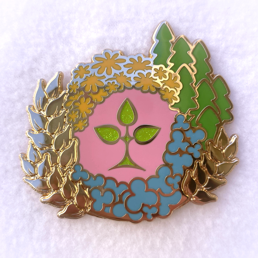 Proclaim your love of the land with this glittery hard enamel pin inspired by Nophica.
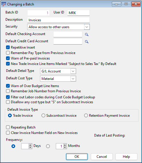 Select the type of invoice that will most frequently be entered into this Batch. Choose from Trade Invoice, Progress Billing, or T&M Billing. If the Batch is defined as a T&M Billing batch, all trade invoices inserted into that batch will require a Job Number. If a Trade Invoice is entered in the batch without a Job Number, the user will receive a warning that the Invoice is missing the Job Number.
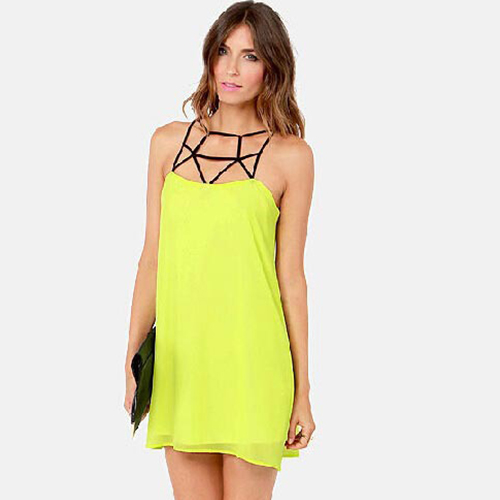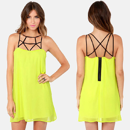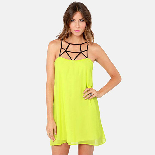 This dress features bright yellow color,can perfect set off your fair skin and makes
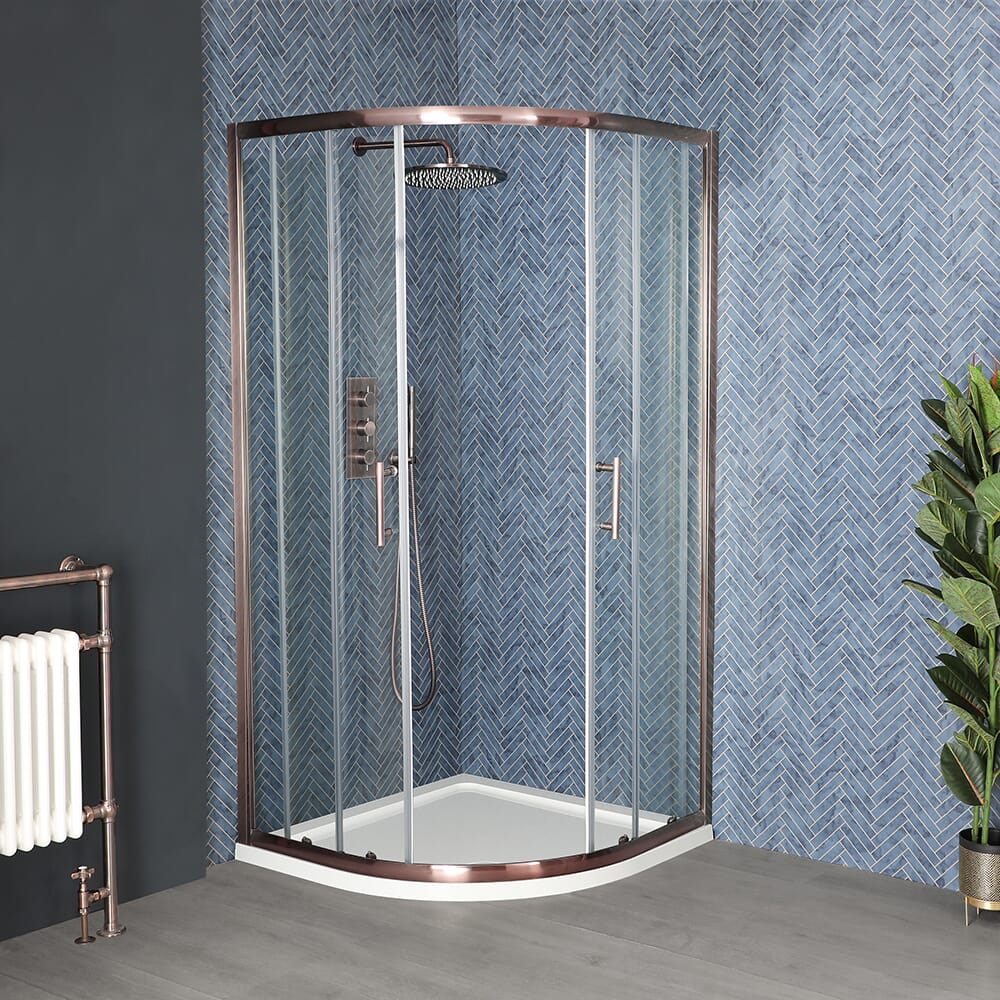 Crea uno spazio doccia che si distingua dalla massa e crea un look contemporaneo con il box doccia semicircolare Eris in rame da 900mm.
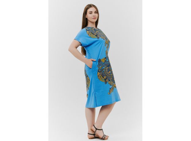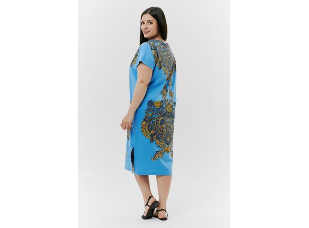 Туника женская прямого силуэта, рукав цельнокроеный короткий, в боковых швах внутренние карманы, внизу - разрезы. На полочке и спинке принт.
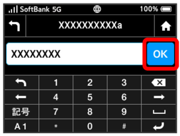 0~9、a~z、A~Z、半角記号(! # ( ) + - . / % = ? @ ^ _ { | } ~ * $ [ ] & : < > ' `)、スペースが利用できます。 - パスワード(セキュリティキー): セキュリティの種類によって異なります。
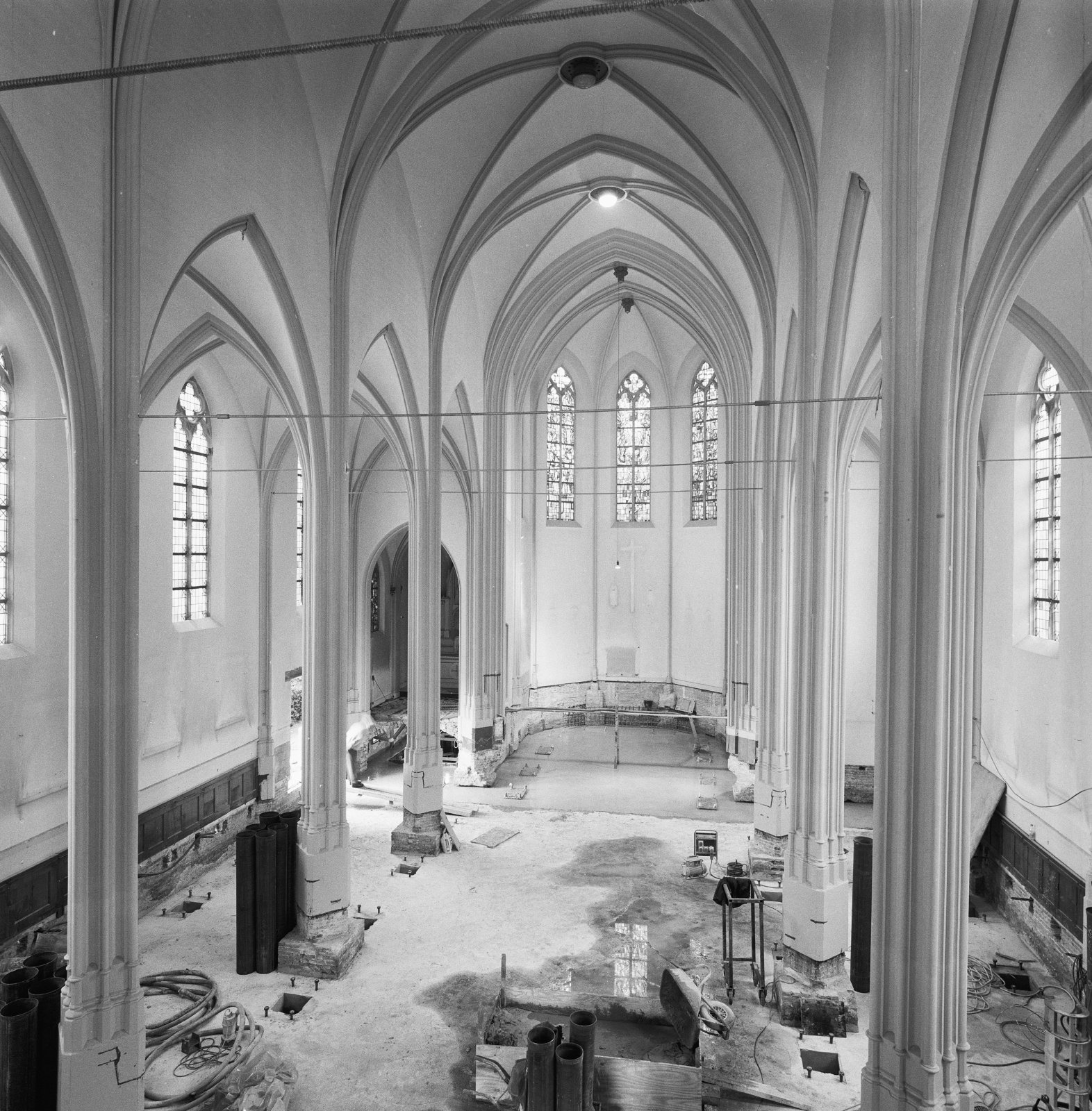 Interieur, overzicht naar het koor tijdens restaurat...
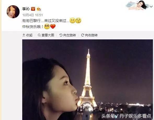 两人之间不是没有端倪的,在10月份李沁就发过一张在巴黎埃菲尔铁塔前的照片。
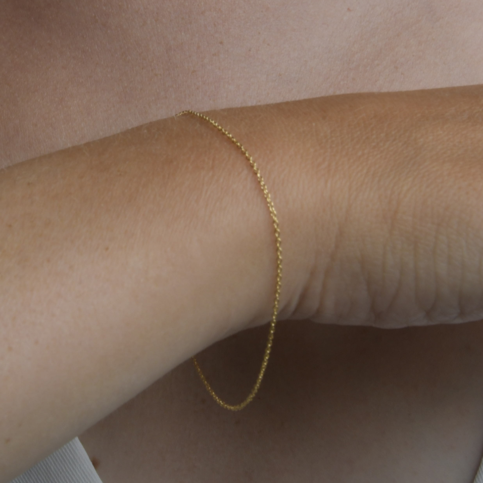 The Elle Bracelet is crafted from a 7-inch 14K gold-filled cable-link chain with a sleek 1.1mm width. Its clean lines and timeless design make it a go-to piece — whether worn solo for subtle elegance or stacked for a layered look.
· · · · ·
Work instructions ▸ Give the listing again, exactly as it appears, but without its images.

Solution to the problem ▸
 Proclaim your love of the land with this glittery hard enamel pin inspired by Nophica.
 Select the type of invoice that will most frequently be entered into this Batch. Choose from Trade Invoice, Progress Billing, or T&M Billing. If the Batch is defined as a T&M Billing batch, all trade invoices inserted into that batch will require a Job Number. If a Trade Invoice is entered in the batch without a Job Number, the user will receive a warning that the Invoice is missing the Job Number.
 This dress features bright yellow color,can perfect set off your fair skin and makes
 Crea uno spazio doccia che si distingua dalla massa e crea un look contemporaneo con il box doccia semicircolare Eris in rame da 900mm.
 Туника женская прямого силуэта, рукав цельнокроеный короткий, в боковых швах внутренние карманы, внизу - разрезы. На полочке и спинке принт.
 0~9、a~z、A~Z、半角記号(! # ( ) + - . / % = ? @ ^ _ { | } ~ * $ [ ] & : < > ' `)、スペースが利用できます。 - パスワード(セキュリティキー): セキュリティの種類によって異なります。
 Interieur, overzicht naar het koor tijdens restaurat...
 两人之间不是没有端倪的,在10月份李沁就发过一张在巴黎埃菲尔铁塔前的照片。
 The Elle Bracelet is crafted from a 7-inch 14K gold-filled cable-link chain with a sleek 1.1mm width. Its clean lines and timeless design make it a go-to piece — whether worn solo for subtle elegance or stacked for a layered look.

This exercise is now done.